Probing Equatorial Ionospheric TEC at Sub-GHz Frequencies with Wide-Band (B4) uGMRT Interferometric Data

TL;DR

This study uses wide-band uGMRT interferometric data to measure and analyze the ionospheric TEC and its turbulence characteristics at low latitudes near the Equatorial Ionization Anomaly, revealing high phase variability.

Contribution

It introduces a method for precise TEC measurement using uGMRT data and characterizes ionospheric turbulence with a power-law slope, highlighting challenges for radio interferometry calibration.

Findings

Measured differential TEC with sub-1 mTECU precision.

Found a turbulence power-law slope of 1.72, deviating from Kolmogorov.

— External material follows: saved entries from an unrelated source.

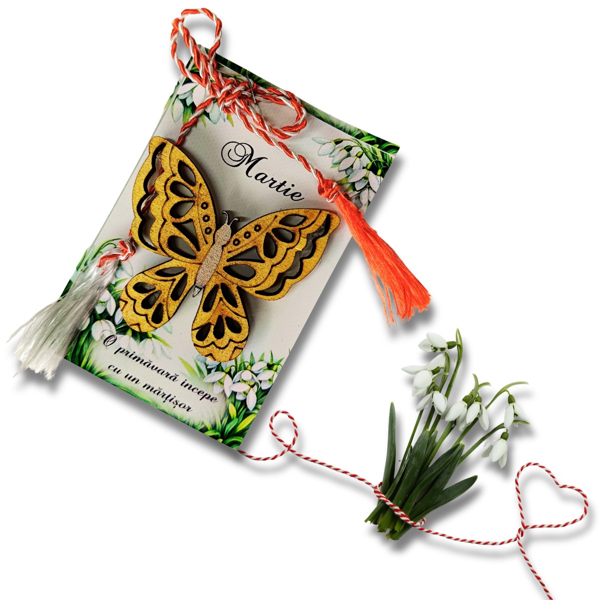 Mărțișor elegant realizat din lemn, pictat manual în nuanțe aurii, ideal pentru a fi oferit cadou de 1 Martie sau ca mic obiect decorativ de primăvară.
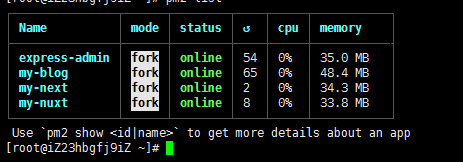 <p><code>使用pm2时,把两个部署命令合成一个更方便!</code>执行完pm2的启动命令后,我们用<code> pm2 list </code>查看一下进程列表,我截一下我个人服务器的pm2列表:</p>
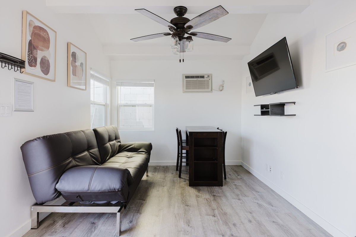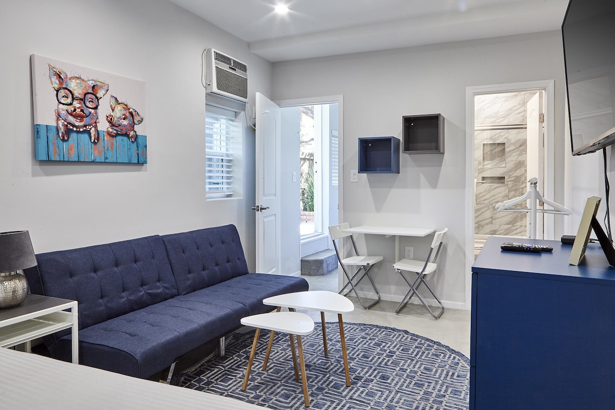 This charming space features a comfortable queen-sized bed and a sofa bed, offering flexibility for up to 4 guests. Whether you're visiting for business, vacation, or a weekend getaway, you'll find everything you need to relax and unwind. The apartment is fully equipped with modern amenities including high-speed Wi-Fi, a flat-screen TV, and air conditioning to keep you cool on warm LA days.

Identified a diffractive scale of 6.66 km indicating high phase variability.

Abstract

Phase stability at low radio frequencies is severely impacted by ionospheric propagation delays. Radio interferometers such as the Giant Metrewave Radio Telescope (GMRT) are capable of detecting changes in the ionosphere's total electron content (TEC) over larger spatial scales and with greater sensitivity compared to conventional tools like the Global Navigation Satellite System (GNSS). Thanks to its unique design featuring both a dense central array and long outer arms-and its strategic location, the GMRT is particularly well-suited for studying the sensitive ionospheric region located between the northern peak of the Equatorial Ionization Anomaly (EIA) and the magnetic equator. In this study, we observe the bright flux calibrator 3C48 for ten hours to characterize and study the low-latitude ionosphere with the upgraded GMRT (uGMRT). We outline the methods used for wideband data reduction and processing to accurately measure differential TEC (dTEC) between antenna pairs, achieving a precision of less than 1 mTECU for the central square antennas and approximately 1 mTECU for the arm antennas. The measured dTEC values are used to estimate the TEC gradient across the GMRT arm antennas. We measure the ionospheric phase structure function and find a power-law slope of $\beta = 1.72$, indicating deviations from pure Kolmogorov turbulence. The inferred diffractive scale the spatial separation over which the phase variance reaches $1 \text{rad}^2$ is 6.66 km. A small diffractive scale implies high phase variability across the field of view and reduced temporal coherence, which poses challenges for calibration and imaging.